Brian Marris

Personal information
- Full name: Brian Alfred Marris
- Nickname: Curly
- Bowling: Right-arm leg-spin

Domestic team information
- 1917–18 to 1919–20: Wellington

Career statistics
| Competition | First-class |
| Matches | 8 |
| Runs scored | 126 |
| Batting average | 18.00 |
| 100s/50s | 0/0 |
| Top score | 22 not out |
| Balls bowled | 761 |
| Wickets | 24 |
| Bowling average | 20.37 |
| 5 wickets in innings | 1 |
| 10 wickets in match | – |
| Best bowling | 5/50 |
| Catches/stumpings | 8/0 |
- Source: Cricinfo, 8 September 2018

= Brian Marris =

New Zealand cricketer (1896/97–??)

Brian Alfred Marris (born 1896 or 1897; date of death unknown) was a New Zealand cricketer who played first-class cricket for Wellington from 1917 to 1920.
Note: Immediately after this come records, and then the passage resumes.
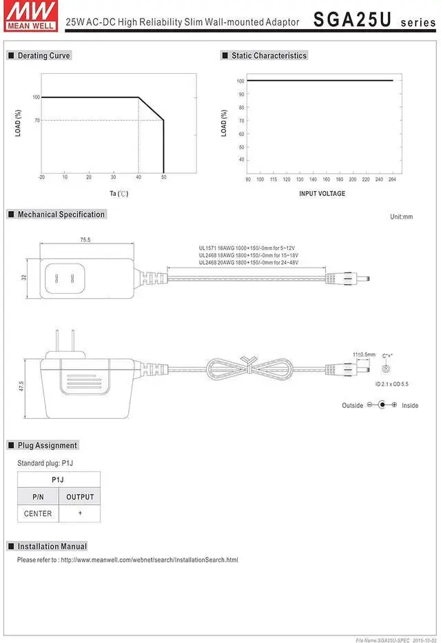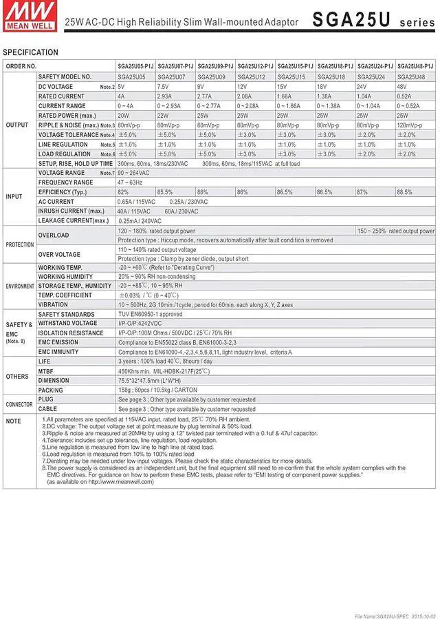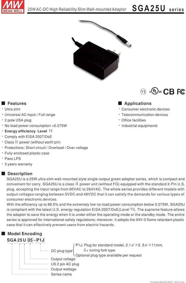 Mean Well SGA25U12-P1J Slim Wall-Mount Power Adapter, 12 Volt, 2.08 Amp, 25 Watt, 2.97" L x 1.26" W x 1.87" H, Black
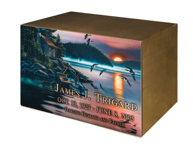 The Flag Case with Pedestal Urn – Cherry includes an heirloom quality flag case with glass front, which is able to display a 5 foot x 9.5 foot burial flag (flag not included). The second piece of this memorial set is the urn itself, which is made of solid cherry and acts as the pedestal for the flag case.
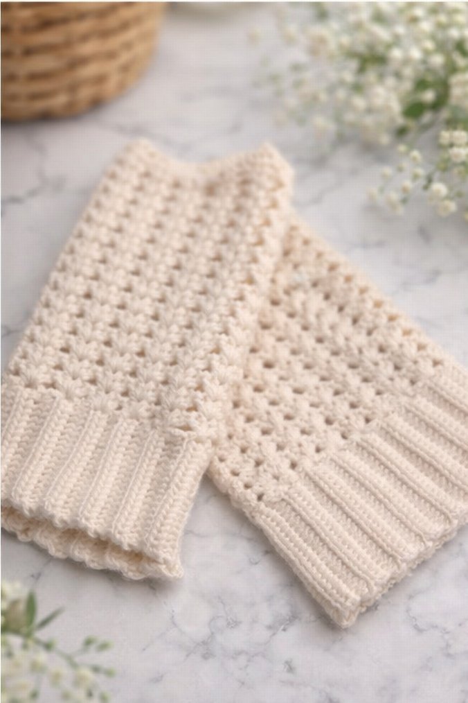 Beyaz renkli, yumuşak örgü kumaştan yapılmış, bohem tarzda, sade ve temel görünümlü kadın eldivenleri. İstenilen ölçüde istenilen renkte yapılır.
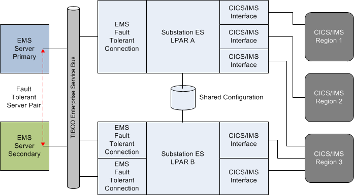 You can configure Substation ES to talk to one or more Enterprise Message Service servers, a Fault Tolerant (FT) Enterprise Message Service pair, or both, and configure each of them separately within a single address space.
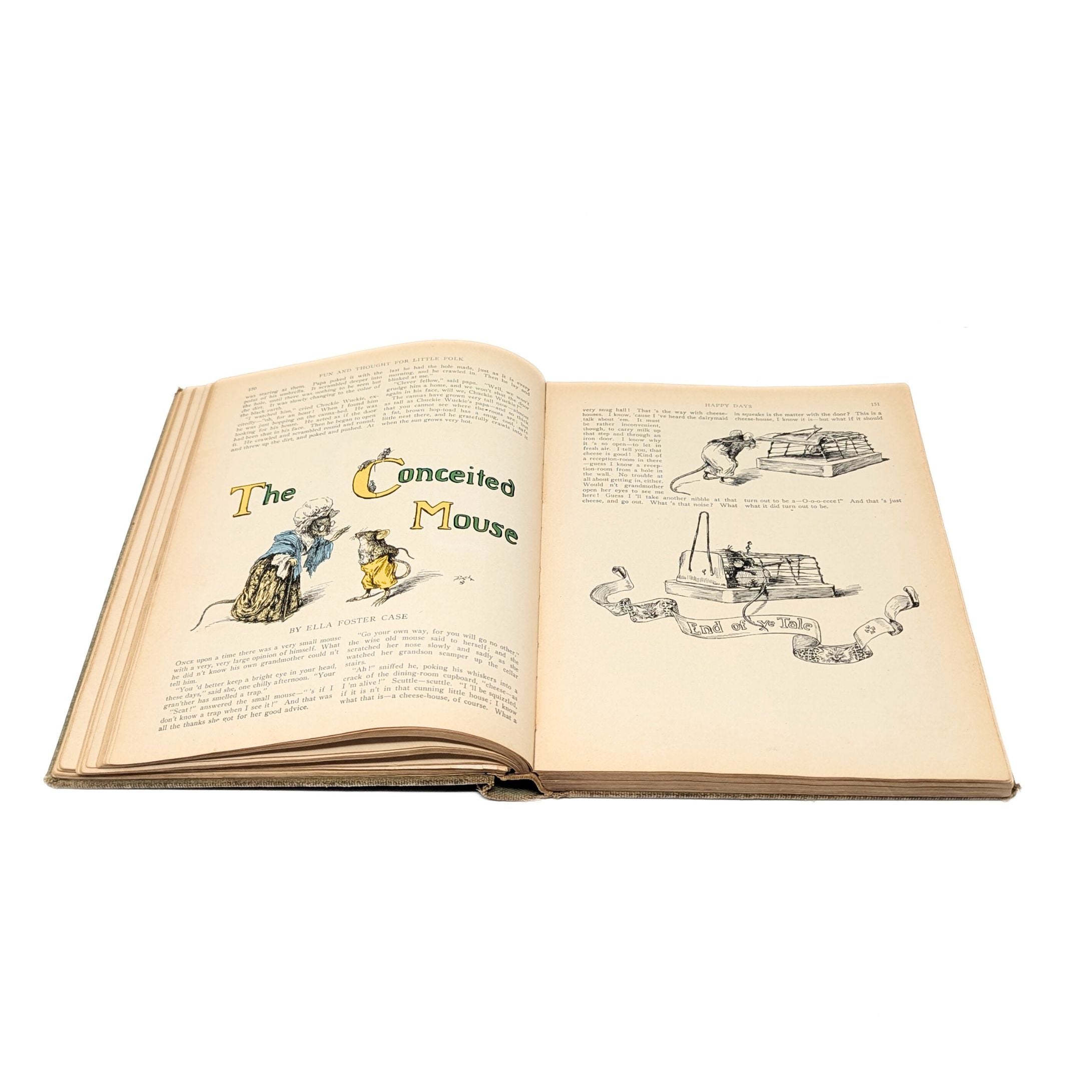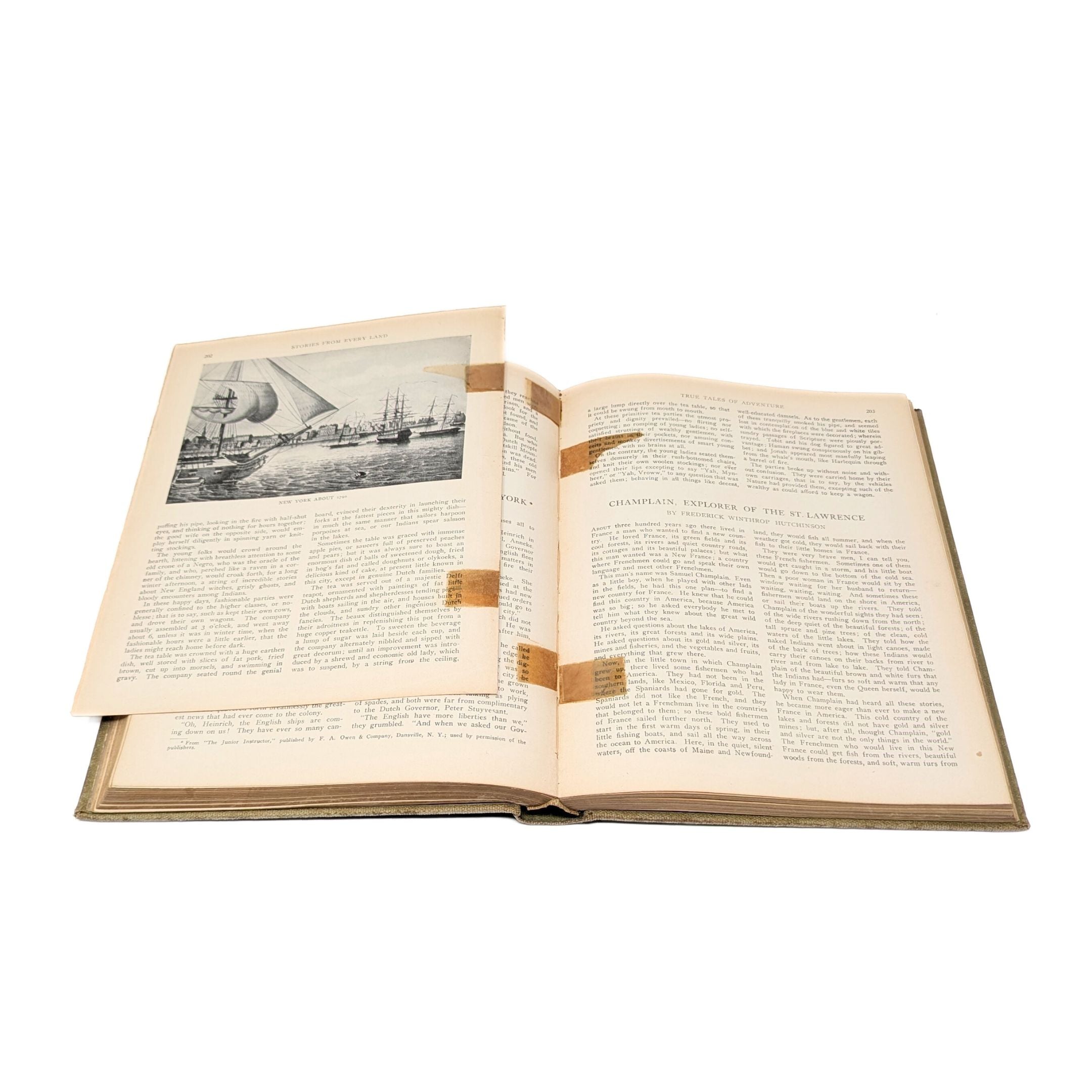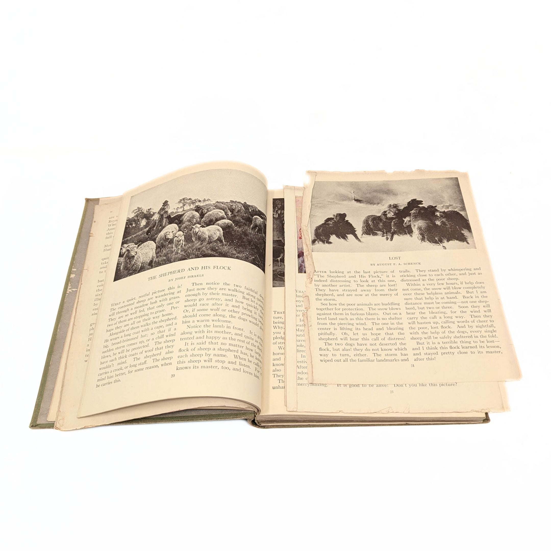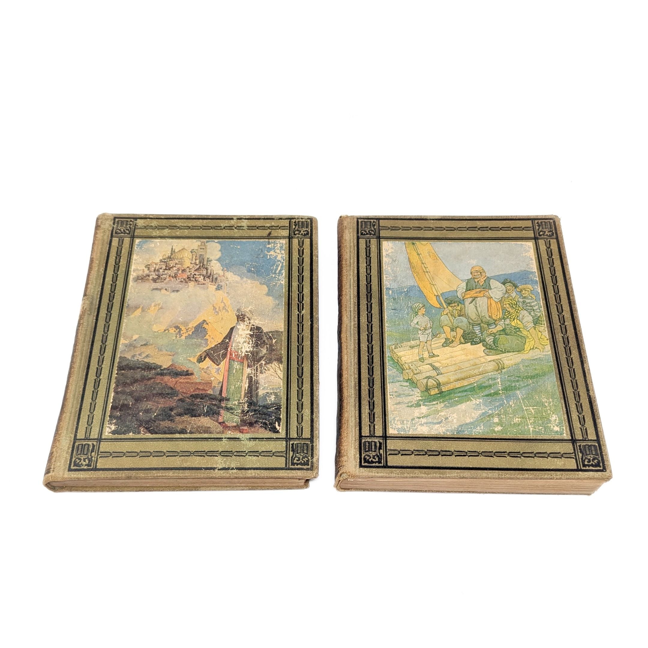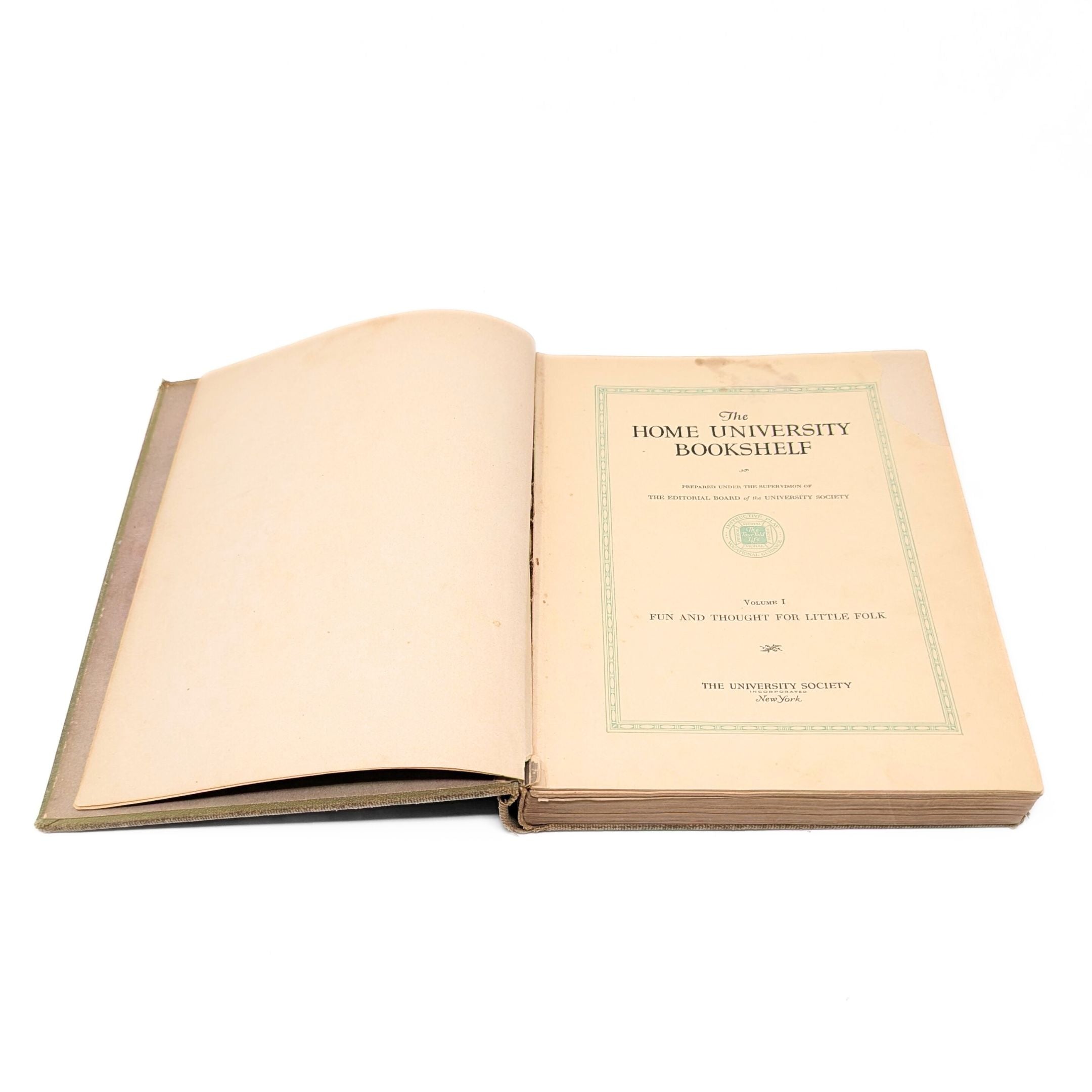 Details: Light green cloth covered hard back books with colorful and beautifully illustrated endpapers. Pages show very minor darkening near edges. Spines on all volumes faded to mid-brown, with titles largely legible. All spines decorated with a silhouette of a child reading under a tree, with a castle in the background clouds. Beautifully illustrated with photographs, color plates, and black and white illustrations by well-known illustrators and artists. Each volume covers a specific topic with appropriate illustrations.

Brian Marris, known as "Curly", was a leg-spin bowler and useful batsman. He was educated at Wellington College. During World War I he worked in the Army Department’s Base Records Office in Wellington.

Marris scored 212 for the Old Boys club in a match of senior Wellington club cricket in December 1917. He made his first-class debut for Wellington against Canterbury a few days later, taking three wickets in each innings and batting in the tail. The next season, when the Plunket Shield resumed, he took 5 for 50 against Canterbury, combining with Syd Hiddleston to dismiss Canterbury for 163 in the first innings, but was expensive and wicketless in the second innings when Canterbury scored 303 for 3 and won by seven wickets.

Although he gained substantial turn from the pitch when he bowled, Marris lacked control. He lost his place in the Wellington side during the 1919-20 season and never regained it.